This edge can be controlled for by insisting on exactly balancing the colors for a tournament, something which is easy to do in a round robin event, but next to impossible to do in a swiss format. (There are other problems with using it in a swiss, not the least of which is that every player in the top score group for round 2 needs to play white to balance their colors.)

We’re not prepared to stick a fork in the idea, but we still see problems ahead. The most interesting aspect of the data we discovered is that had the event been scored “normally” White would have scored 54%, which is almost what White is expected to score under the old scoring system (55%). Not a surprising result if we postulate the “undrawn” games would split 50/50, but that isn’t what we expected to happen.

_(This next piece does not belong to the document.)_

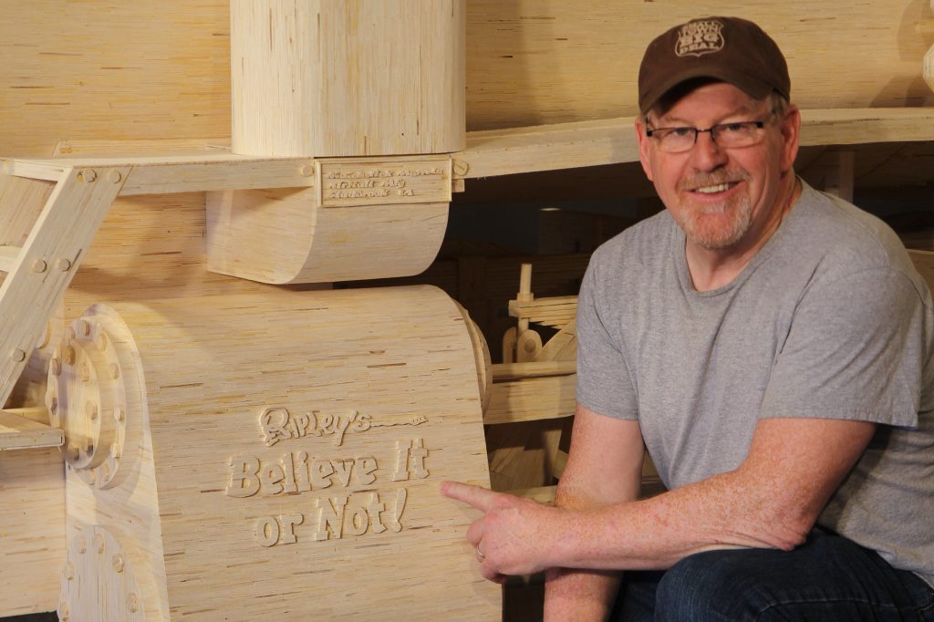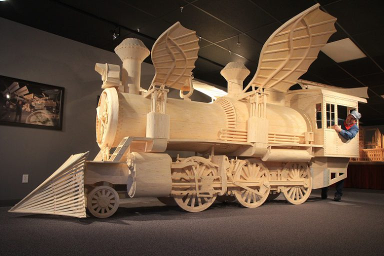 This model is Patrick Acton’s largest matchstick creation, containing over one million matchsticks and 35 gallons of wood glue, taking approximately 3000 hours to design and construct during the past 12 months. It measures over 20 feet long and 9 feet high, with a wingspan of 13 feet. The steampunk model is Pat’s own design, based loosely a 2-6-0 steam locomotive from the early 1900s and Leonardo da Vinci’s wing design from the 1500s. Plane Loco was completed in May of 2015.

Thanks to Mr Ballard for running the event and giving us something to think about.

13 Responses to “First Results In…”

  1. Clint Ballard Says:

    Thanks for the thoughtful analysis here.

    The Oakland event had only 1 grandmaster draw and fittingly it was the game that cinched a norm for IM Milman. He had no problem getting 0 BAP to secure a norm. I have found that in tournaments that have non-BAP incentives (like Oakland and 2006 WA championship) combined with BAP based prizes, it doesn’t reflect the effect of BAP purely.

    I am personally responsible for boosting the black score at Oakland as my only win was with black, which meant I lost a lot of games as white. I haven’t analyzed in depth the Oakland results, but any serious analysis needs to factor player strength to eliminate the incredibly dominant effect difference in player strength has. No matter what the point system, a GM will usually win against experts with either color.

    My prediction of the true draw rate in chess being around 25% has been confirmed at the BAP events. With a stronger field, the 18% would have been a bit higher. It might take a super-GM tournament to achieve a 25% draw rate and in fact we have seen some non-BAP tournaments like that, though rarely. My question is why can’t all GM tournaments be that way?

    I guess that is my entire point with BAP. Chess played by GM’s should be drawn less than half the time it is now. There is now empirical data to support this theory.

    I never claimed that BAP scoring would be unbiased at anything lower than the GM level and it could well be biased a bit, even at the GM level. However, now that the 25% draw rate is something that seems pretty solid to assume, the remaining variable is the ratio of white wins vs. black wins.

    This depends on player strength and at the highest levels, white does seem to have a significant edge, but at lower levels it is much more balanced. So, the question becomes how important it is to make an unbiased point system. If it is a requirement, then we do need to revamp the current system as it is already biased. Personally, I think any new point system that has similar levels of biasing based on color is a viable replacement.

    BAP as it stands eliminates the type of draws that we don’t want to see. Also, contrary to some of the rumors out there, I am not trying to eliminate draws as that is a significant part of chess. BAP makes draws decisive, so that’s good enough. Every game has a winner and a loser. No silly grandmaster draws. With equal number of whites and blacks, whatever bias exists doesn’t matter, but it would be better to eliminate any large biasing.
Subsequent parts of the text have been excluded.